Exercise prompt:
Any pictures in the records below must be left out when you repeat the lines from the line containing "BB Club Oscar" through the line containing "Dupatta Work : Sequins" exactly.

Data for this task:
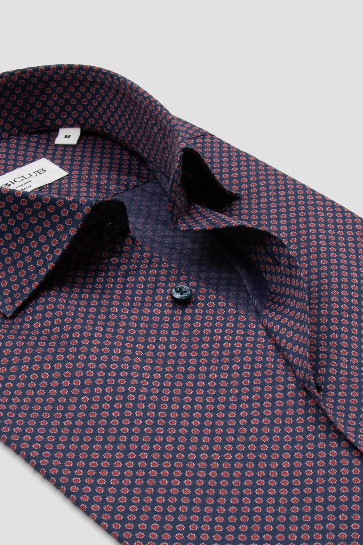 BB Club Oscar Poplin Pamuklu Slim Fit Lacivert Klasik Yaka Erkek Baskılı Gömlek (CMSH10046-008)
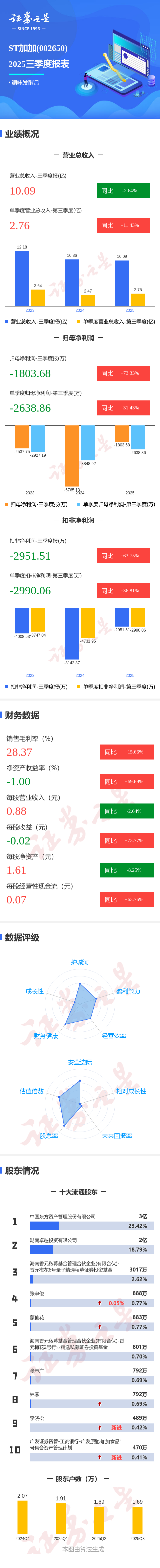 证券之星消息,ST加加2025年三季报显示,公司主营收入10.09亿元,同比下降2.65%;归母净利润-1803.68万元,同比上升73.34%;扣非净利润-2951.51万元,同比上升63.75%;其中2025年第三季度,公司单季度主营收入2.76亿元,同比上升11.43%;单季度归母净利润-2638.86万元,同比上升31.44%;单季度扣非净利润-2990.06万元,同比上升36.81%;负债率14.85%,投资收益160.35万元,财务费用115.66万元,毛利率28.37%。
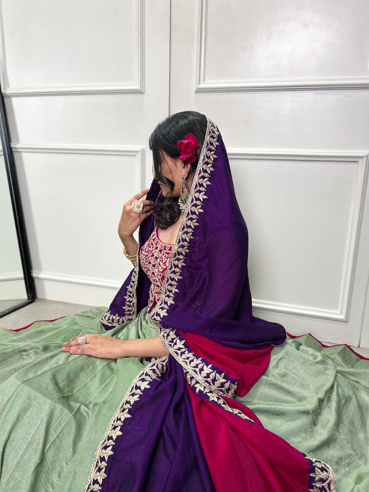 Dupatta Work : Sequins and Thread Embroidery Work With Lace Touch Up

---

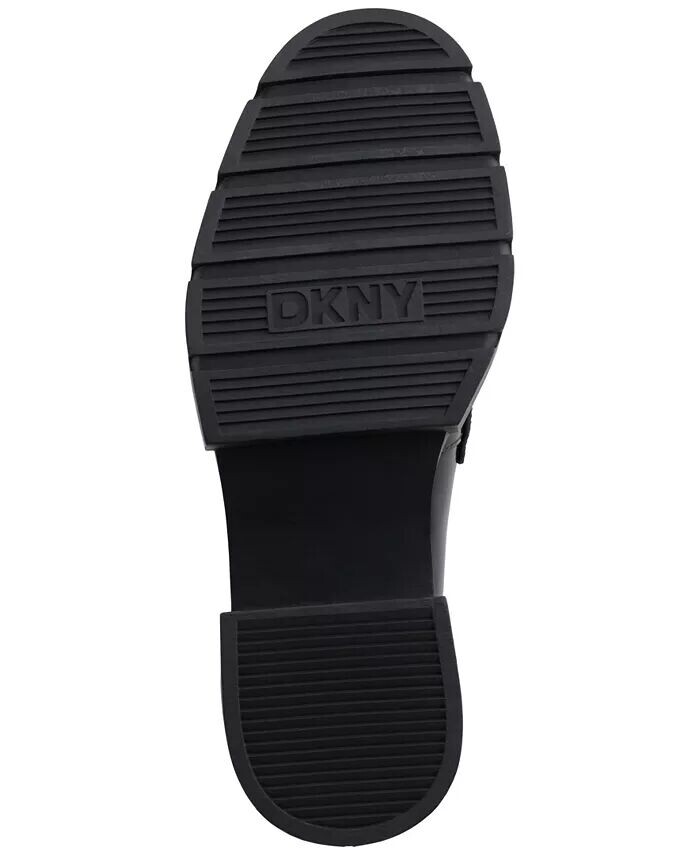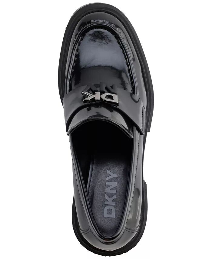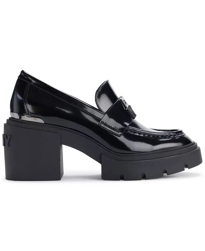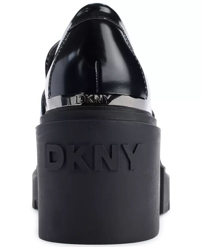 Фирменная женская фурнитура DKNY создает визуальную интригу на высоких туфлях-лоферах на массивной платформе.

Written solution:
 BB Club Oscar Poplin Pamuklu Slim Fit Lacivert Klasik Yaka Erkek Baskılı Gömlek (CMSH10046-008)
 证券之星消息,ST加加2025年三季报显示,公司主营收入10.09亿元,同比下降2.65%;归母净利润-1803.68万元,同比上升73.34%;扣非净利润-2951.51万元,同比上升63.75%;其中2025年第三季度,公司单季度主营收入2.76亿元,同比上升11.43%;单季度归母净利润-2638.86万元,同比上升31.44%;单季度扣非净利润-2990.06万元,同比上升36.81%;负债率14.85%,投资收益160.35万元,财务费用115.66万元,毛利率28.37%。
 Dupatta Work : Sequins and Thread Embroidery Work With Lace Touch Up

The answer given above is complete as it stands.